**** DATA RECORDS ****

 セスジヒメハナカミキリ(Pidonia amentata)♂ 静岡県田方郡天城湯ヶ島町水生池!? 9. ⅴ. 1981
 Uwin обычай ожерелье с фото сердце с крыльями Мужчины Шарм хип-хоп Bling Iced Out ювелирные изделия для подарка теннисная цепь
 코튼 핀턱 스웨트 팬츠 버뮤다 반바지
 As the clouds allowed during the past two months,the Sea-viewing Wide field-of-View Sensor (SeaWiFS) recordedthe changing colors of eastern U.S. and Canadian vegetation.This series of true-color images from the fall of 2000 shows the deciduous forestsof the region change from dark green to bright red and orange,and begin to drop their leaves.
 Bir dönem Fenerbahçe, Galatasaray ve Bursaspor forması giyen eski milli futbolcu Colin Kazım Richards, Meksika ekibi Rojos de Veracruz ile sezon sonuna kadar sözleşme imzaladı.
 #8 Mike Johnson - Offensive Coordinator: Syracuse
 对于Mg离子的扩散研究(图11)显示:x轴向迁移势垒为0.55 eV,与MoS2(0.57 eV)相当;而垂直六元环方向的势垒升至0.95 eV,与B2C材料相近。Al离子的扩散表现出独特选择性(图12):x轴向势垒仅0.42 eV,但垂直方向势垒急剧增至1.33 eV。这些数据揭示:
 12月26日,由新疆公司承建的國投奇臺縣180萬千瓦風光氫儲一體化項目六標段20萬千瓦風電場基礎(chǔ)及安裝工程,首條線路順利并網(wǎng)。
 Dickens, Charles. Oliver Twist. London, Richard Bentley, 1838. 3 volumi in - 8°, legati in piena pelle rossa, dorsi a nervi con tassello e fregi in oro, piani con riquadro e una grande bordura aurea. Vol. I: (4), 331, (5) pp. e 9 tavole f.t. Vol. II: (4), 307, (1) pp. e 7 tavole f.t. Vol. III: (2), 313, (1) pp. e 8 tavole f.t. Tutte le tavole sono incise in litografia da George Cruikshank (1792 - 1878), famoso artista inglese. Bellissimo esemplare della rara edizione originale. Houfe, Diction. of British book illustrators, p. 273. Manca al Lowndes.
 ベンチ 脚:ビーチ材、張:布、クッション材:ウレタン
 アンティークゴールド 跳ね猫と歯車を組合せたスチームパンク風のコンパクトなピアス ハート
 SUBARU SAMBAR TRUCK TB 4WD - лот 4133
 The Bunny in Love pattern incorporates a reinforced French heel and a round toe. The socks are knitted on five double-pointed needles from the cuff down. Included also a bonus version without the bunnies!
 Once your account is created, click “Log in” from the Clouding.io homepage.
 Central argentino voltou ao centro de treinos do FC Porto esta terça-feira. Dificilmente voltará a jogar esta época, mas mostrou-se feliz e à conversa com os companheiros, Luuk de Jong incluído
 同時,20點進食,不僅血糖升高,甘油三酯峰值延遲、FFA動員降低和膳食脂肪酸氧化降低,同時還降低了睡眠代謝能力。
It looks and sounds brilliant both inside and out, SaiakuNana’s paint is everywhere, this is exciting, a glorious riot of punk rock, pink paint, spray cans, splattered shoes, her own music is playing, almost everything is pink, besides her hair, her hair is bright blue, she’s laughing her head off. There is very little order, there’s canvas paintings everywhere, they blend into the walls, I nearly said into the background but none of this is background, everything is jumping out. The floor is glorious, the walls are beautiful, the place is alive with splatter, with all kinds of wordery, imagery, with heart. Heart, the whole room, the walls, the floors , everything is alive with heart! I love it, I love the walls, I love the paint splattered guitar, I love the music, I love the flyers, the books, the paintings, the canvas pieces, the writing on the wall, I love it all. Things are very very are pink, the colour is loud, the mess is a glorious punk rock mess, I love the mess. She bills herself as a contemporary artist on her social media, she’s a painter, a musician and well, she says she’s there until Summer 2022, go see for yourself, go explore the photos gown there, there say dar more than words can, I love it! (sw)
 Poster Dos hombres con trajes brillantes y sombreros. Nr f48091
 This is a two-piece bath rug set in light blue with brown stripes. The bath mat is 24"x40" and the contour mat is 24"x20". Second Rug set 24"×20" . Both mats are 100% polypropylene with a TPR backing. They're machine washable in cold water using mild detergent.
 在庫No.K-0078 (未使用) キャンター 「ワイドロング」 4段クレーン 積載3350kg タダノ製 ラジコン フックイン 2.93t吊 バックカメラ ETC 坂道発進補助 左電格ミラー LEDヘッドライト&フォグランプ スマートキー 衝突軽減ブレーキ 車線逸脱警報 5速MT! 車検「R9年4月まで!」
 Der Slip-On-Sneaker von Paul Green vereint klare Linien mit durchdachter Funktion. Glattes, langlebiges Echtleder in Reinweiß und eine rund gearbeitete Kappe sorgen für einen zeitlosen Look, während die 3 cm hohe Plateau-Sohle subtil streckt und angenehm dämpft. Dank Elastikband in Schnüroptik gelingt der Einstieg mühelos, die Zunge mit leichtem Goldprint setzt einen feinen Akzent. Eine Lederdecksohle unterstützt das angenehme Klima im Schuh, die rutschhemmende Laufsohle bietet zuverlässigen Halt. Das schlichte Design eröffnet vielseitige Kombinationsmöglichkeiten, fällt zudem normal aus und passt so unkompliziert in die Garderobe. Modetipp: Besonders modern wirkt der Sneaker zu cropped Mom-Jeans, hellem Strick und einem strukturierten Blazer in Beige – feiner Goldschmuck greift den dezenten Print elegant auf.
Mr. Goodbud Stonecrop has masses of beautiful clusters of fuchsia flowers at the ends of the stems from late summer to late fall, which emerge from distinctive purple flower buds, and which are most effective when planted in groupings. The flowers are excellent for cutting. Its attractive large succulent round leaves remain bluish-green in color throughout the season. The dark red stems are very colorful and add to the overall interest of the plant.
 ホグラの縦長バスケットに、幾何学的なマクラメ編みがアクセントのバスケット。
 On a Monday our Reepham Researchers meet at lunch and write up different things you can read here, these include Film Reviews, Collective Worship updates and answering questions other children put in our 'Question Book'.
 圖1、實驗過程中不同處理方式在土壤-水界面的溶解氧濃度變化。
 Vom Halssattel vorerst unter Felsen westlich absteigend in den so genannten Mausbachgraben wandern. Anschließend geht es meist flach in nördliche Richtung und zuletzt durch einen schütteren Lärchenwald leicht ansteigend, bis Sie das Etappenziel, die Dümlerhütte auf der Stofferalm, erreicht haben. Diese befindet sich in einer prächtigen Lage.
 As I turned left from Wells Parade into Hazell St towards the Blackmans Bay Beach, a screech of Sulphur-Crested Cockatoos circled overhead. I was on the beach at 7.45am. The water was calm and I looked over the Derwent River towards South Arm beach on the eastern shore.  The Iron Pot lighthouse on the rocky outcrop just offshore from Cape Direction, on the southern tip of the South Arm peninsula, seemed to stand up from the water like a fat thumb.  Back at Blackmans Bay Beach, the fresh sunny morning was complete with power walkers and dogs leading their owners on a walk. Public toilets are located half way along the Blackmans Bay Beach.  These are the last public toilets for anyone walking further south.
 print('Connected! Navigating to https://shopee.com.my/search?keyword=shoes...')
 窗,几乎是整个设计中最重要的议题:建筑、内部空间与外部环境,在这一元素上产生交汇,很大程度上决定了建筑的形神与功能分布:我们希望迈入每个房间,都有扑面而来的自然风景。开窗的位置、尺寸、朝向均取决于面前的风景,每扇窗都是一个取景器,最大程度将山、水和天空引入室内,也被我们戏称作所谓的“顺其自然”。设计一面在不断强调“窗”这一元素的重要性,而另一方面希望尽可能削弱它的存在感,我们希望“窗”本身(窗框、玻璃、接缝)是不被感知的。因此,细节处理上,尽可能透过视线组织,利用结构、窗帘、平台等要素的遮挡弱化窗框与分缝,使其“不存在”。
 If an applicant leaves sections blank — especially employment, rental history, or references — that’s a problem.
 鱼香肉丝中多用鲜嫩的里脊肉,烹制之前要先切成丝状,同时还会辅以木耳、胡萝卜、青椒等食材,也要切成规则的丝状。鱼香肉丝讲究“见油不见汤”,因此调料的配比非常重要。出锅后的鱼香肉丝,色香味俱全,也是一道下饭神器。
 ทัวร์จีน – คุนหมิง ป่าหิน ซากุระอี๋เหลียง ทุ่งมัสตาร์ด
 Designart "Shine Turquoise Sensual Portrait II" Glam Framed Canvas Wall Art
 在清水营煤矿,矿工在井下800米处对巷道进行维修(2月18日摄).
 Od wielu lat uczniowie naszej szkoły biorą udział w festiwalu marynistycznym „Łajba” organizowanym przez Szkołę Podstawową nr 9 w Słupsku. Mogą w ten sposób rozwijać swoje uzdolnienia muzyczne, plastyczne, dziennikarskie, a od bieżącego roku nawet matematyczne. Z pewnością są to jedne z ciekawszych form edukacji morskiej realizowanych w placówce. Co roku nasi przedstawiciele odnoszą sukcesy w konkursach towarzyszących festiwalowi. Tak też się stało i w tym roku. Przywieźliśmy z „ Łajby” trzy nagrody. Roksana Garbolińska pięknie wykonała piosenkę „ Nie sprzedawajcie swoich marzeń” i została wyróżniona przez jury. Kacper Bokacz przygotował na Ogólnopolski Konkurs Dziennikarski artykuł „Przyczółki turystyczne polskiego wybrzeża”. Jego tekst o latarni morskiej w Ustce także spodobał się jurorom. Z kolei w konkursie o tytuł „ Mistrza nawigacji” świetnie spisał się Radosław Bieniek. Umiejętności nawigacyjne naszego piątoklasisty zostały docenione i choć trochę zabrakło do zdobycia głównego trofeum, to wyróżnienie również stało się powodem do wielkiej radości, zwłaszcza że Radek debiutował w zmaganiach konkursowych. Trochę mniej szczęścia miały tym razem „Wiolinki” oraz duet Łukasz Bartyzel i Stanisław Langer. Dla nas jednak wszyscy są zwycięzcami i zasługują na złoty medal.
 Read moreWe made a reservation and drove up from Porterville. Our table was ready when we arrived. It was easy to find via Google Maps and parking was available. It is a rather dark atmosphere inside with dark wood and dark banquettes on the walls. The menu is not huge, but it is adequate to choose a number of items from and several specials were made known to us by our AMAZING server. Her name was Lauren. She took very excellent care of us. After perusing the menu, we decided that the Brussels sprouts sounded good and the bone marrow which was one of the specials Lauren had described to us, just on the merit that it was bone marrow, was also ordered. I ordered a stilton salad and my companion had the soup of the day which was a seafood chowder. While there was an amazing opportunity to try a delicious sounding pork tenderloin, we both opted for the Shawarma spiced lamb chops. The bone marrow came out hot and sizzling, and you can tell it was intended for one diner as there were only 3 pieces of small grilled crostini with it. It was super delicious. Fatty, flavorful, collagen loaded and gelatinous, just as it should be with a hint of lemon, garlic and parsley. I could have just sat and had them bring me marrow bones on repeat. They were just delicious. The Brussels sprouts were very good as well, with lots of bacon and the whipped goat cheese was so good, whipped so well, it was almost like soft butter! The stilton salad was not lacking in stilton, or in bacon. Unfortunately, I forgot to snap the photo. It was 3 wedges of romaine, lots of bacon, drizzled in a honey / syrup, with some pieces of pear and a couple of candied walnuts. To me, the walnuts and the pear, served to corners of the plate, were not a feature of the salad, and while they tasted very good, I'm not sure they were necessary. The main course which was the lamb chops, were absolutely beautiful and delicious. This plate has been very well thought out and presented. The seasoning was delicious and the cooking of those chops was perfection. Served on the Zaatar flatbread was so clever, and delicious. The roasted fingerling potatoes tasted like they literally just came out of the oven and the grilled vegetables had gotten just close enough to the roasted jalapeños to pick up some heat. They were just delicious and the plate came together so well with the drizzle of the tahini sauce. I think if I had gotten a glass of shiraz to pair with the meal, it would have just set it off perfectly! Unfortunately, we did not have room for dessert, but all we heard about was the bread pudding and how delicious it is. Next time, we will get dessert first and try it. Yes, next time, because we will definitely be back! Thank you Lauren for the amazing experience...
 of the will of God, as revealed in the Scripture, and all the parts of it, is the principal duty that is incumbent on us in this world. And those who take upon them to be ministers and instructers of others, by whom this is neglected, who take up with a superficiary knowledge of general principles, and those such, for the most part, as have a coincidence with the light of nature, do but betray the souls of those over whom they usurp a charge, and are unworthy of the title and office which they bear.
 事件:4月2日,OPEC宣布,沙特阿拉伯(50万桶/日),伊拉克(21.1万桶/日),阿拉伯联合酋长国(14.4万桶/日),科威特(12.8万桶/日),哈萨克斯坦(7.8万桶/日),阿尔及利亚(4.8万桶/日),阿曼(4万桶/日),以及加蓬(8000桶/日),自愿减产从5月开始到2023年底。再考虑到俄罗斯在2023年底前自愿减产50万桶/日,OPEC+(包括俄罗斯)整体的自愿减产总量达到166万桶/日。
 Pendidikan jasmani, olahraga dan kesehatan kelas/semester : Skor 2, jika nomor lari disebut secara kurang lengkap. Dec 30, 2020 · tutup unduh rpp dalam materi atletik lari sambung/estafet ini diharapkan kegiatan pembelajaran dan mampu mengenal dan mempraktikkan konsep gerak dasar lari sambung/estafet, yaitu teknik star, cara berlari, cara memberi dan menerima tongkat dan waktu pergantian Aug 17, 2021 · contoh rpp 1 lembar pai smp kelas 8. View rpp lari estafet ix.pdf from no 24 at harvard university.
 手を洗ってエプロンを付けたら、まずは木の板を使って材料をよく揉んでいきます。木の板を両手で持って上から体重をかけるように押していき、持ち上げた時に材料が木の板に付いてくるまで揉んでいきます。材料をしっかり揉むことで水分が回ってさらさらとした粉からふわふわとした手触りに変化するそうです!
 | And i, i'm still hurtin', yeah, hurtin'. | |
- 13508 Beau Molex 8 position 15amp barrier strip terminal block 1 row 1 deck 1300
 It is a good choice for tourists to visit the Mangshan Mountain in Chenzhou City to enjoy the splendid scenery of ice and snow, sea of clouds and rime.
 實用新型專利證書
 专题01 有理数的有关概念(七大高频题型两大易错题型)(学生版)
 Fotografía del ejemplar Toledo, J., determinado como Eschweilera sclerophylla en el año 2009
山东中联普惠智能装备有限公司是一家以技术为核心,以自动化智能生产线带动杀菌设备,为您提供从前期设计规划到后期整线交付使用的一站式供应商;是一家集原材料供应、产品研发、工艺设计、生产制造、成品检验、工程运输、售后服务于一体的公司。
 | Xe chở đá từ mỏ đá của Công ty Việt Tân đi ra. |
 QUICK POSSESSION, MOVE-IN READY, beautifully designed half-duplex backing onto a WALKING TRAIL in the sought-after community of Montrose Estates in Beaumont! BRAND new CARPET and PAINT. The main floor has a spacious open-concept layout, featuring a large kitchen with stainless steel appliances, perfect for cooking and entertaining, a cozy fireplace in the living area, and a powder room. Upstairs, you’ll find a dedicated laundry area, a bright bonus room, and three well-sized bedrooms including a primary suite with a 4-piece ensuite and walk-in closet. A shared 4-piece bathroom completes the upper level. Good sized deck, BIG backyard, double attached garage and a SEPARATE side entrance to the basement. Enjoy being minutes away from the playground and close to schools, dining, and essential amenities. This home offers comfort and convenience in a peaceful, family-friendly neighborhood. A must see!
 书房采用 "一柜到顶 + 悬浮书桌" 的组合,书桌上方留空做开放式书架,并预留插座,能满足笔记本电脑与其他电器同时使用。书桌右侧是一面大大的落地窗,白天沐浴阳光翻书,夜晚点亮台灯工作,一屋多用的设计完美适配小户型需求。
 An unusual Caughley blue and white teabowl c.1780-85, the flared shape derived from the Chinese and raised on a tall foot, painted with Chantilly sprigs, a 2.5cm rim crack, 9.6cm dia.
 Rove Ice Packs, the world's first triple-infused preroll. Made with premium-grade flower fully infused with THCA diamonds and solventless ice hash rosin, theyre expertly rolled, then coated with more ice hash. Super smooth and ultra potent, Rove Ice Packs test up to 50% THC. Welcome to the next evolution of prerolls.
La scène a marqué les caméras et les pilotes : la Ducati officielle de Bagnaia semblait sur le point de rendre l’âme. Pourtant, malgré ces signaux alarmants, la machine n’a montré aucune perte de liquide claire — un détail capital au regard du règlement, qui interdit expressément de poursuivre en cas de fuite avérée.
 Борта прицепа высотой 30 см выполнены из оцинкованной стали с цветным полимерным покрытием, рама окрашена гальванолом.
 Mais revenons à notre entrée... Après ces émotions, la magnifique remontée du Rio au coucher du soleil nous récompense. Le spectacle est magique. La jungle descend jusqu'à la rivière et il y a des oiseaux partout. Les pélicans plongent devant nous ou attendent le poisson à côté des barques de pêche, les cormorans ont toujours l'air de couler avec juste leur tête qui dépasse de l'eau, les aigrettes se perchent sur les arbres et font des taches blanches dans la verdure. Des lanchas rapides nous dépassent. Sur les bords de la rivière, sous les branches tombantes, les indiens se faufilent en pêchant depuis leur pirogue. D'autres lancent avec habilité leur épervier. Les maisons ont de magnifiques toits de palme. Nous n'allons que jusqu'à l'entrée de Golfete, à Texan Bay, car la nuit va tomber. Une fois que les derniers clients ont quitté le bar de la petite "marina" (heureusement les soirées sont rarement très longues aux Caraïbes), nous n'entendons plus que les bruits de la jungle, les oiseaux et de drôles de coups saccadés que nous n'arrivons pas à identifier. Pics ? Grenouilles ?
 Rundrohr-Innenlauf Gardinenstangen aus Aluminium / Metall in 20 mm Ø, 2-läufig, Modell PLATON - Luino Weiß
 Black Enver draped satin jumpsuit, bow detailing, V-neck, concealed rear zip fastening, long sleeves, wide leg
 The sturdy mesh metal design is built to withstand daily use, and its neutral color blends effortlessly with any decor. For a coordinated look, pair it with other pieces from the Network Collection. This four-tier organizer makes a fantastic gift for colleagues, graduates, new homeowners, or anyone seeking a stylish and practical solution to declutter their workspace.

****

### EXERCISE GOAL
Starting at the line that has "Bir dönem Fenerbahçe, Galatasaray" and ending at the line that has "12月26日,由新疆公司承建", please write out the lines above exactly, leaving out all others.

### ANSWER TO THE EXERCISE
 Bir dönem Fenerbahçe, Galatasaray ve Bursaspor forması giyen eski milli futbolcu Colin Kazım Richards, Meksika ekibi Rojos de Veracruz ile sezon sonuna kadar sözleşme imzaladı.
 #8 Mike Johnson - Offensive Coordinator: Syracuse
 对于Mg离子的扩散研究(图11)显示:x轴向迁移势垒为0.55 eV,与MoS2(0.57 eV)相当;而垂直六元环方向的势垒升至0.95 eV,与B2C材料相近。Al离子的扩散表现出独特选择性(图12):x轴向势垒仅0.42 eV,但垂直方向势垒急剧增至1.33 eV。这些数据揭示:
 12月26日,由新疆公司承建的國投奇臺縣180萬千瓦風光氫儲一體化項目六標段20萬千瓦風電場基礎(chǔ)及安裝工程,首條線路順利并網(wǎng)。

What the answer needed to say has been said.